COLLECTED DATA.
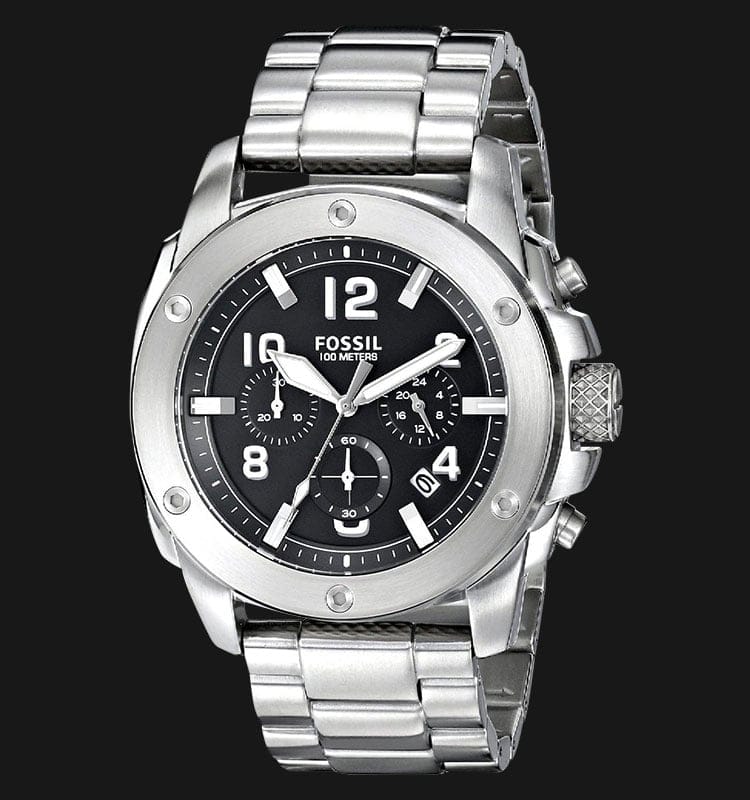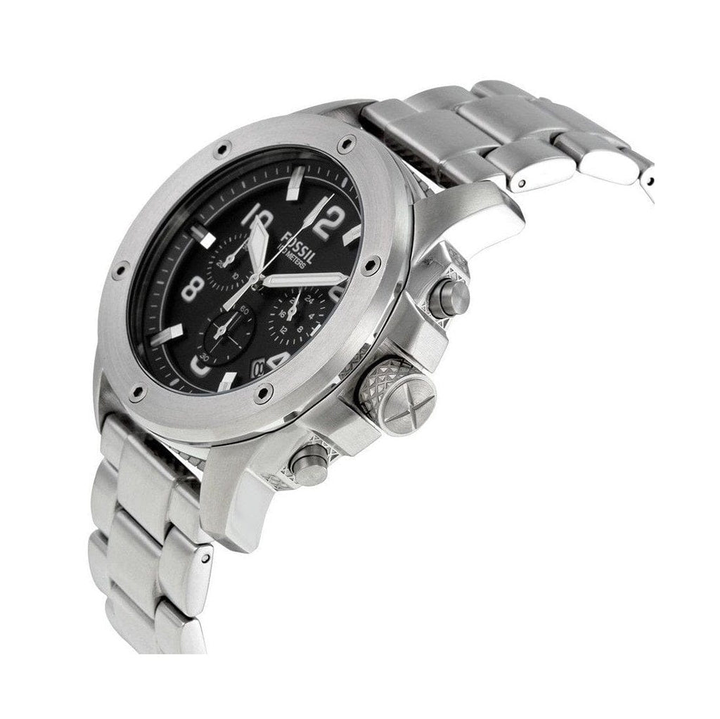 Fossil Modern Machine Black Dial Silver Steel Strap Watch for Men - FS4926
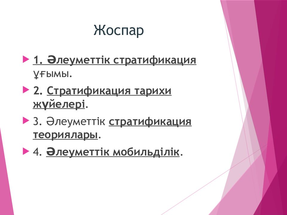 1. Әлеуметтік стратификация ұғымы. 2. Стратификация тарихи жүйелері. 3. Әлеуметтік стратификация теориялары. 4. Әлеуметтік мобильділік.
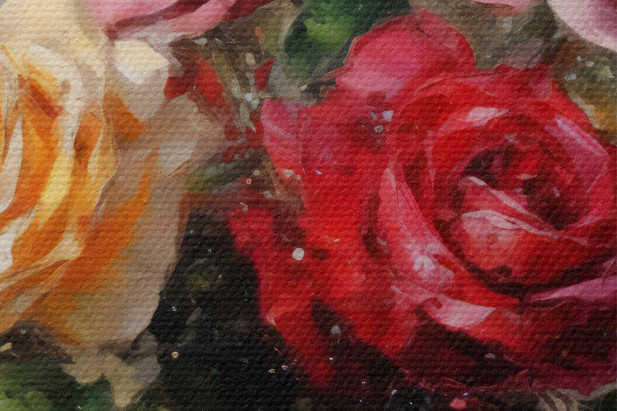 Drei Materialtypen stehen zur Verfügung: Economic Canvas - ein dichtes und haltbares Material für den Digitaldruck, identisch mit Malerleinwand, wasserfeste Oberfläche, realistische Wiedergabe von Details, mittelkörniges Material. Premium Canvas - die Textur ähnelt der einer Malerleinwand (verwobene kleine Fäden). Weiche, detaillierte Wiedergabe des Bildes auf einer matten Oberfläche. Eco-Premium - hochwertiges Gewebe aus 100% Baumwolle. Dank der natürlichen Baumwollfasern ist das Material langlebig und verschleißfest. Hervorragende Farbwiedergabe und Detailtreue.
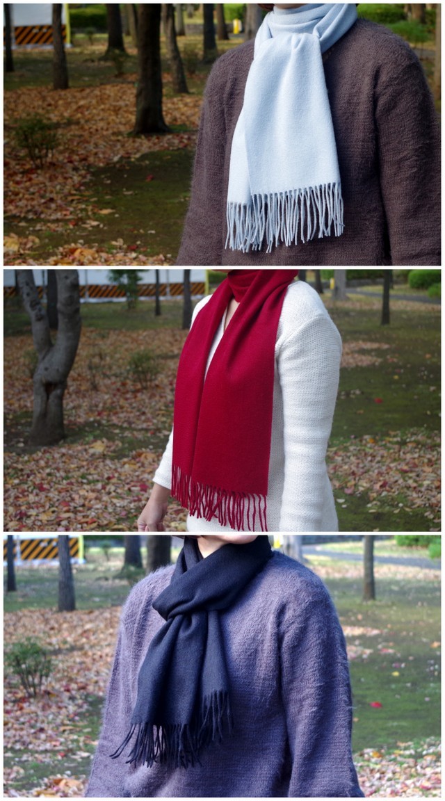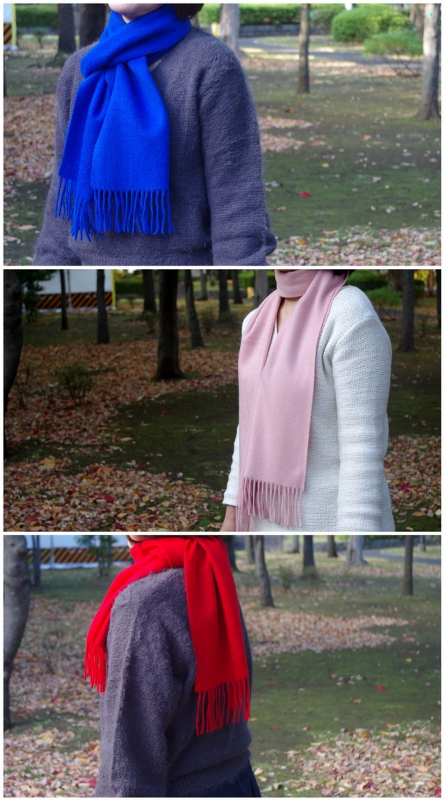 カシミヤ100%の無地のマフラー。寒い冬には最適なあたたかい厚手の無地ストールです。中国・内モンゴルでつくられた高品質の優しい肌触りのマフラーです。カシミアならではのソフトで なめらかな肌触り。しっかりとした厚みがあって、これ1枚を巻くだけで十分な暖かさです。

EXERCISE AIM.
Apart from the pictures, the material above has to be repeated exactly.

TASK ANSWER.
 Fossil Modern Machine Black Dial Silver Steel Strap Watch for Men - FS4926
 1. Әлеуметтік стратификация ұғымы. 2. Стратификация тарихи жүйелері. 3. Әлеуметтік стратификация теориялары. 4. Әлеуметтік мобильділік.
 Drei Materialtypen stehen zur Verfügung: Economic Canvas - ein dichtes und haltbares Material für den Digitaldruck, identisch mit Malerleinwand, wasserfeste Oberfläche, realistische Wiedergabe von Details, mittelkörniges Material. Premium Canvas - die Textur ähnelt der einer Malerleinwand (verwobene kleine Fäden). Weiche, detaillierte Wiedergabe des Bildes auf einer matten Oberfläche. Eco-Premium - hochwertiges Gewebe aus 100% Baumwolle. Dank der natürlichen Baumwollfasern ist das Material langlebig und verschleißfest. Hervorragende Farbwiedergabe und Detailtreue.
 カシミヤ100%の無地のマフラー。寒い冬には最適なあたたかい厚手の無地ストールです。中国・内モンゴルでつくられた高品質の優しい肌触りのマフラーです。カシミアならではのソフトで なめらかな肌触り。しっかりとした厚みがあって、これ1枚を巻くだけで十分な暖かさです。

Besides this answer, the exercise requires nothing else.